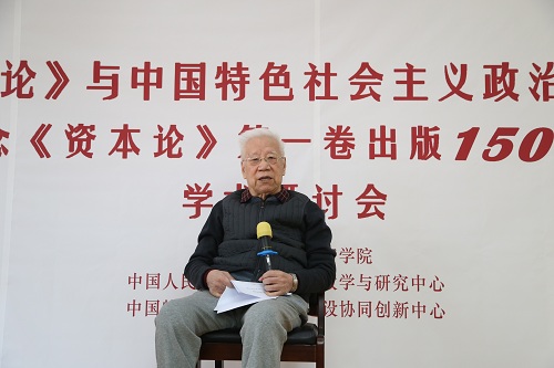 顾海良教授从“《资本论》和中国特色社会主义政治经济学以及《资本论》中的方法问题”两个方面,指出要以《资本论》理论和方法为指导,特别是《资本论》创作中与时俱进的精神,立足于中国特色社会主义经济关系的现实来创立我们的理论体系。
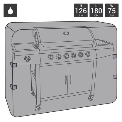 This furniture cover is beautiful in its simplicity and an ideal choice if you are shopping for exceptional value without compromise on product quality. Suitable for those looking to transform their garden and spend more time outdoors with their loved ones.The Essentials collection will effortlessly complement any garden with a sleek design and durable build.Help protect your garden furniture and keep it looking at its best for years to come. Highly durable polyester construction allows you to enjoy garden furniture for longer. The Wensum Premium Extra Large Universal Garden BBQ Cover is suitable for extra large gas BBQs and will ensure protection from rain, dust and dirt as well as preventing rusting. It is heavy duty, durable and has an easy-wipe finish. It is ideal for covering your BBQ when not in use, overnight and out of season.Product SpecificationProduct Type: Furniture CoverMaterial: PolyesterColour: BlackPattern / Finish: PlainNumber Of Seats: Not ApplicableSeat Style: Not ApplicablePadded Seat: Not ApplicableCushion Colour: Not ApplicableCushion Pattern: Not ApplicableTable Shape: Not ApplicableGlass Table Top: Not ApplicableParasol Included: Not ApplicableAssembly Required: NoAdditional featuresDome shaped for greater convenience Easy wipe waterproof finishHeavy dutyFully lined and stitchedHook and loop fastener straps to secure the coverAftercare instructions includedDimensions: 126 (H) x 75 (W) x 180 (D) cmLifestyle images and accessories shown are for illustration purposes only.
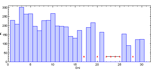 vždy od 6.00 hod UT daného dňa po 6.00 hod UT nasledujúceho dňa. Škála
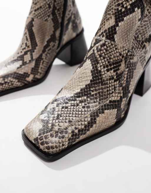 ASOS DESIGN Eden high heeled platform boots in snake ASOS Very well made.
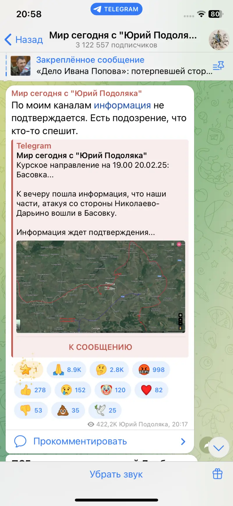Хорошие новости приходят под вечер, вслед за информацией о том, что наши штурмовики вошли в село Новенькое Сумской области, приходит более свежая, в которой говорится, что наши якобы вошли и в Басовку, которая находится дальше Новенького.
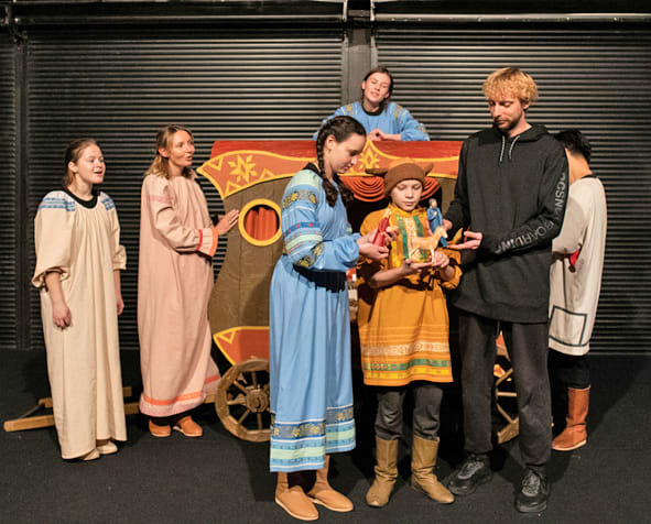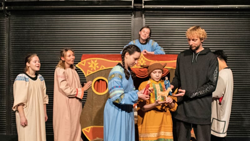Если на первой постановке бурные реакции малышей вырываются спонтанно, то второе представление намеренно провоцирует маленьких гостей включаться в происходящее, участвовать в действии, активно выражать свои чувства и расходовать энергию. С хозяевами сценической площадки зрителям предстоит общаться, играть, весело взаимодействовать. Это совершенно естественно, ведь перед ними не профессиональные лицедеи, а воспитанники театральной студии DRAMA, которая третий год подрастает в стенах Иркутского академического. Репертуарный лист любительского коллектива насчитывает уже семь оригинальных постановок и в канун Нового года пополнился импровизированным вертепным зрелищем вперемешку со скоморошьим гульбищем.
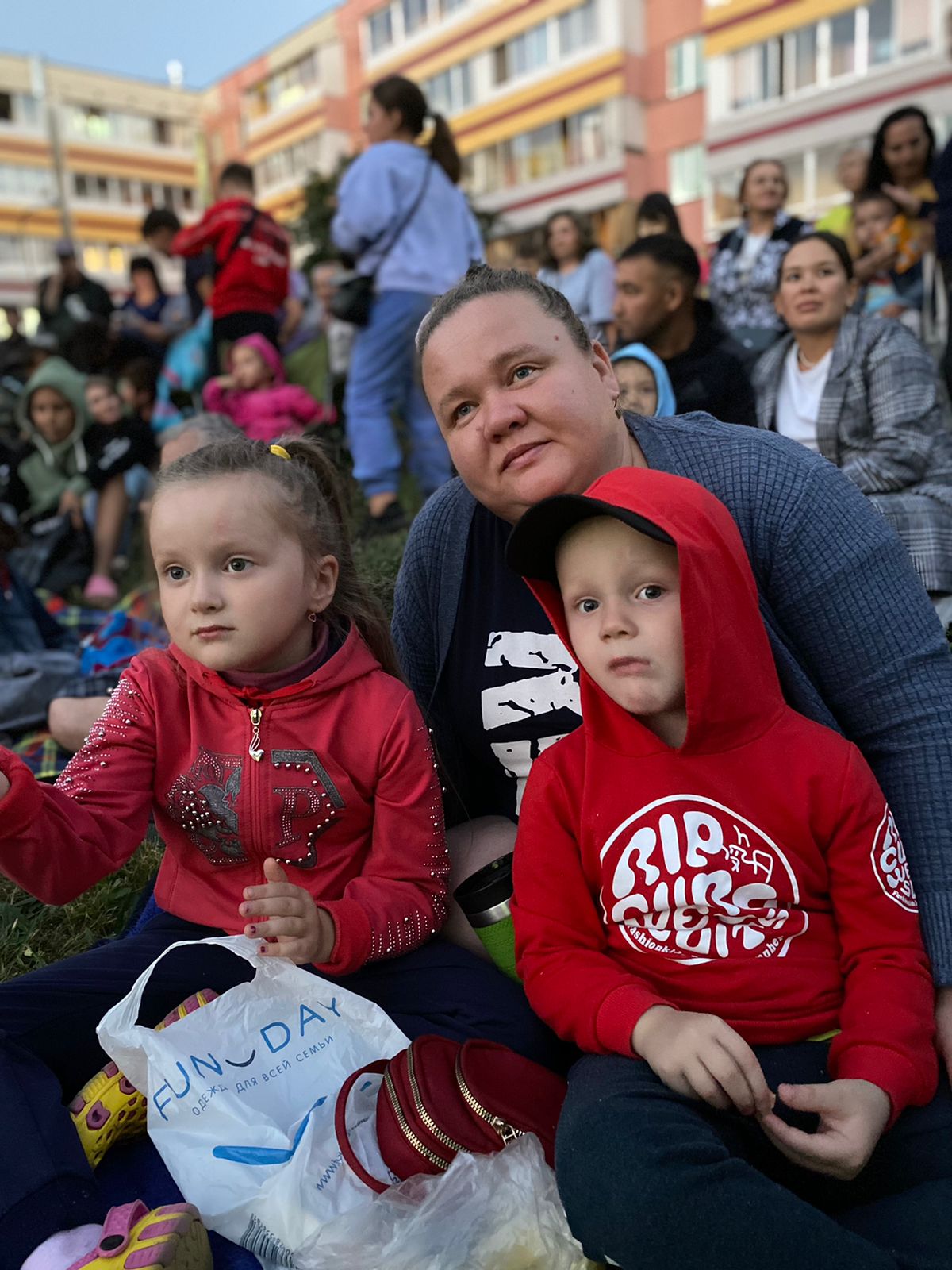 Во дворе дома 17а/20 был продемонстрирован мультфильм для жителей микрорайона. Семьи с детьми вышли во двор дружной компанией.
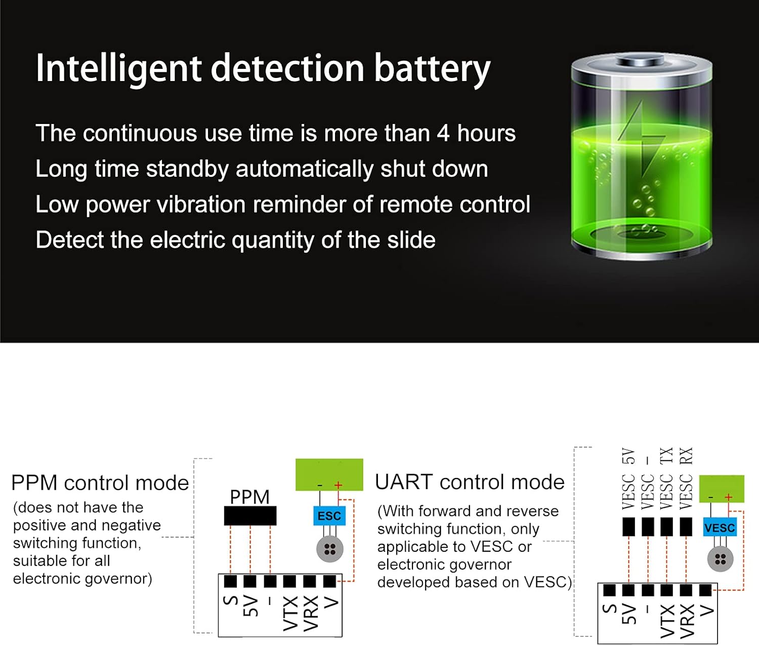 Il ricevitore da 2,4GRF auto equipaggiato può essere adattato alla maggior parte degli ESC, eliminando la tradizionale configurazione individuale, con un'applicazione più ampia e un segnale più forte. Il telecomando per skateboard elettrico ha una buona sensazione di manuale, adotta il trattamento con spray di superficie ABS, può efficace anti -slittamento. Una forte capacità anti -interferenza e l'intervallo di applicazione è più ampia e il segnale è forte. Realizzato in alta qualità, quindi è resistente al calore e resistente alla corrosione. Applicabile per V4 o per V6. Batteria di rilevamento intelligente, il tempo di utilizzo continuo è più di 4 ore.
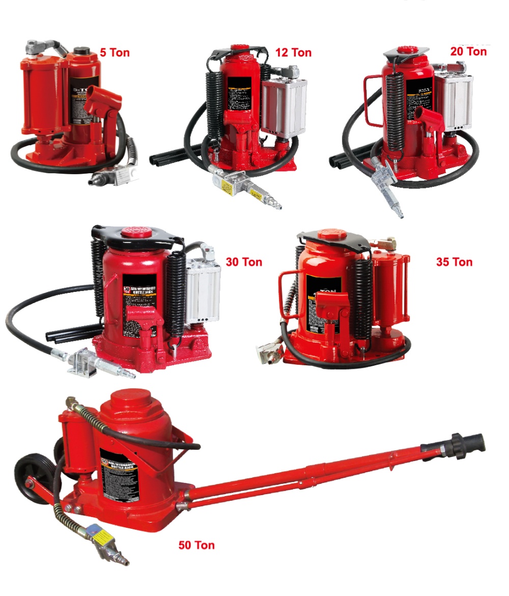 The Air/Hydraulic Bottle Jack offers optional lifting capacities of 5T, 12T, 20T, 30T, 35T, and 50T, making it suitable for a wide range of heavy-duty applications. Built with heavy-duty steel construction, it provides exceptional stability and strength. Featuring both manual and pneumatic lifting operations, this jack is easy to use for repairs and operations. Ideal for automotive, truck, farm, industrial, and construction use, it delivers reliable performance for demanding lifting tasks.
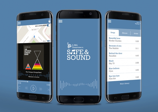 Tayland merkezli sigorta şirketi LMG Insurance, araçların müzik dinlemeye dalmış insanlara zarar vermemesi, insanların da müzik dinleme zevkinden geri kalmaması için BBDO Bangkok ile “Safe & Sound” müzik uygulamasını hazırladı. Safe & Sound, yayalar yola ya da demir yoluna yaklaştığında kulaklıkların ses düzeyini otomatik olarak düşürüyor.
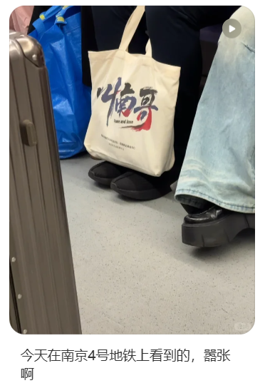 最近还有网友在地铁上看到了二创周边,虽然只是很朴素的帆布包,但上书“以前我是通仔,叫南哥”以及“我以为你们只是考试不行,没想到足球也不行”,简直对南京贴脸开大。
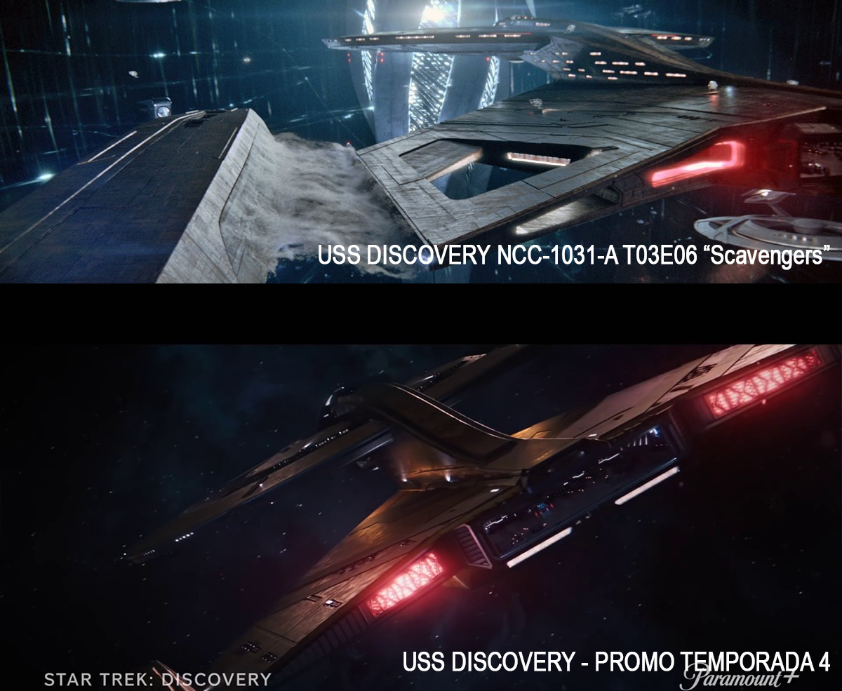 Una escena que llama particularmente la atención transcurre en el minuto 1:00 del tráiler, la Discovery entra en Warp pero aparentemente ya no están usando la NCC-1031-A. Recordemos que la Discovery fue sometida a una actualización en el episodio "Scavengers" de la tercera temporada.
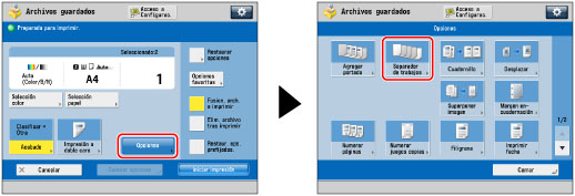 Puede establecer el modo Separador de trabajos sólo si selecciona varios archivos y establece el modo Fusion. arch. e imprimir. (Consulte "Fusionar archivos al imprimirlos".) No se puede imprimir en las hojas de separación de trabajos. Las hojas de separación de trabajos no se cuentan como impresiones. Si quiere establecer tanto Agregar portada como Separador de trabajos, seleccione el mismo tamaño de papel. |
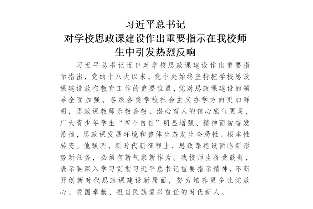 日,习近平总书记近日对学校思政课建设作出重要指示指出,党的十八大以来,党中央始终坚持把学校思政课建设放在教育工作的重要位置,党对思政课建设的领导全面加强,各级各类学校社会主义办学方向更加鲜明,思政课教师乐教善教、潜心育人的信心底气更足,广大青少年学生“四个自信”明显增强、精神面貌奋发昂扬,思政课发展环境和整体生态发生全局性、根本性转变。他强调,新时代新征程上,思政课建设面临新形势新任务,必须有新气象新作为。beat365官网师生备受鼓舞,表示要深入学习贯彻习近平总书记重要指示精神,不断开创新时代思政课建设新局面,努力培养更多让党放心、爱国奉献、担当民族复兴重任的时代新人。
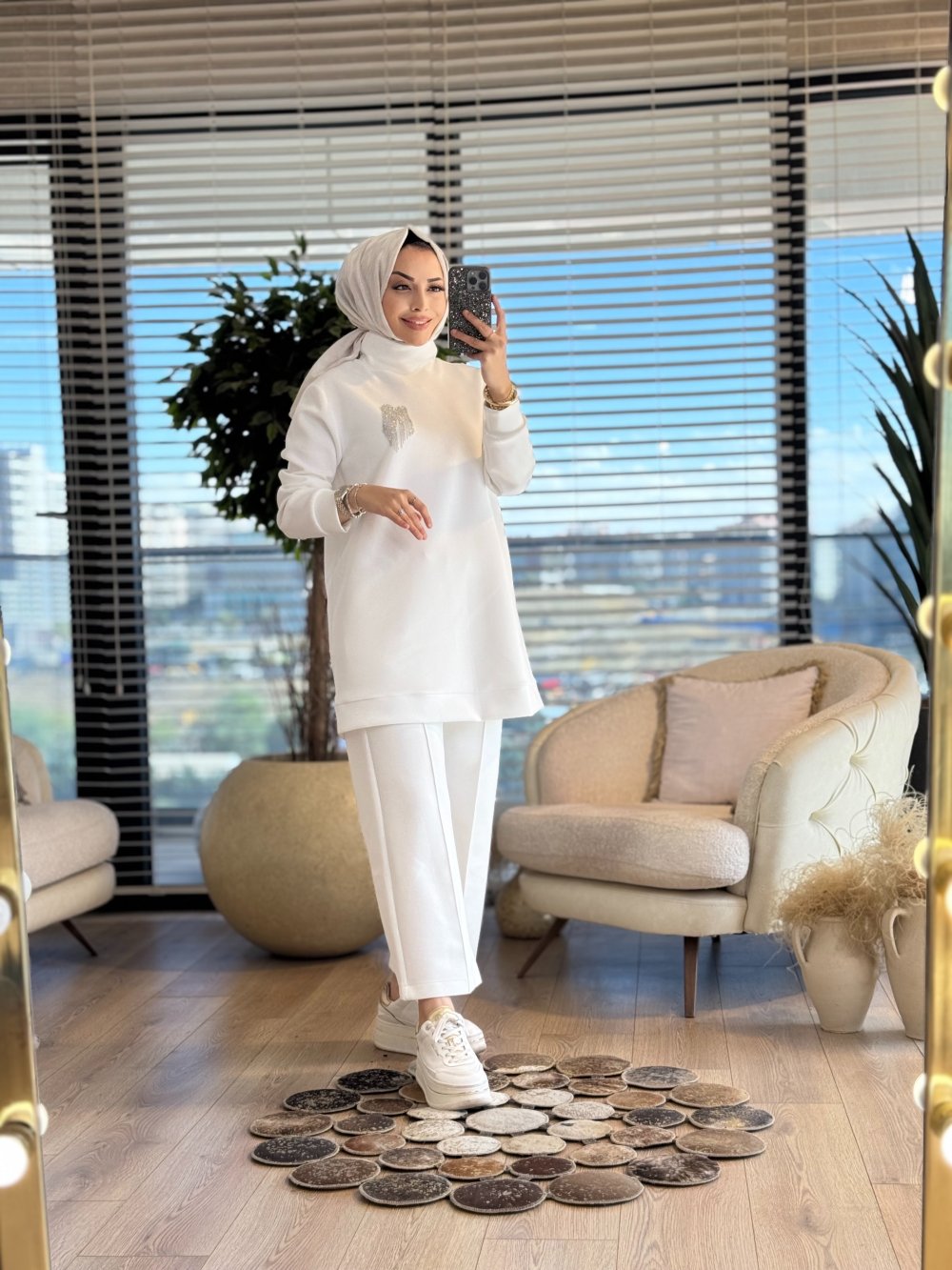 HWN9025 Kalp Broşlu Scuba Sweat Ekru
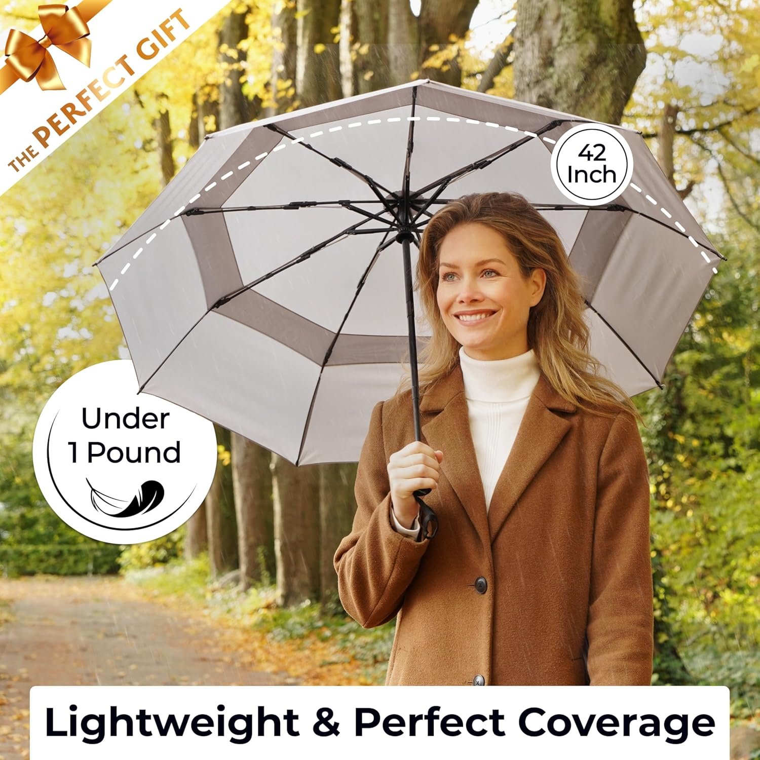 TUMELLA Strongest Windproof Travel Umbrella (Compact, Superior & Beautiful), Small Strong but Light Portable and Automatic Folding Rain Umbrella, Durable Premium Grip, Fits Car & Backpack
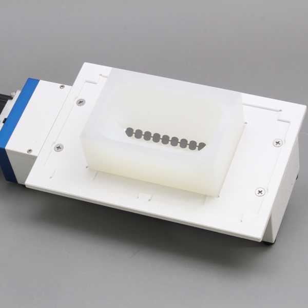 This uses a specially designed paddle that lays horizontally in a sculpted reservoir. The paddle is stainless steel coated with parylene and driven by a magnetic tumble stirrer.
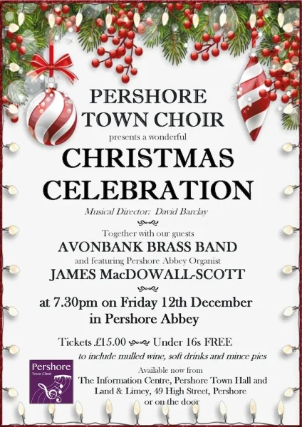 Join us on Friday 12th, December at Pershore Abbey along with our guests Avonbank Brass Band, plus Pershore Abbey organist James MacDowall-Scott, for our wonderful Christmas celebration.

• WHAT TO WORK ON: Leave out every picture and write out exactly the lines running from the line containing "日,习近平总书记近日对学校思" to the end of the listing above.

• ANSWER TO THIS EXERCISE:
 日,习近平总书记近日对学校思政课建设作出重要指示指出,党的十八大以来,党中央始终坚持把学校思政课建设放在教育工作的重要位置,党对思政课建设的领导全面加强,各级各类学校社会主义办学方向更加鲜明,思政课教师乐教善教、潜心育人的信心底气更足,广大青少年学生“四个自信”明显增强、精神面貌奋发昂扬,思政课发展环境和整体生态发生全局性、根本性转变。他强调,新时代新征程上,思政课建设面临新形势新任务,必须有新气象新作为。beat365官网师生备受鼓舞,表示要深入学习贯彻习近平总书记重要指示精神,不断开创新时代思政课建设新局面,努力培养更多让党放心、爱国奉献、担当民族复兴重任的时代新人。
 HWN9025 Kalp Broşlu Scuba Sweat Ekru
 TUMELLA Strongest Windproof Travel Umbrella (Compact, Superior & Beautiful), Small Strong but Light Portable and Automatic Folding Rain Umbrella, Durable Premium Grip, Fits Car & Backpack
 This uses a specially designed paddle that lays horizontally in a sculpted reservoir. The paddle is stainless steel coated with parylene and driven by a magnetic tumble stirrer.
 Join us on Friday 12th, December at Pershore Abbey along with our guests Avonbank Brass Band, plus Pershore Abbey organist James MacDowall-Scott, for our wonderful Christmas celebration.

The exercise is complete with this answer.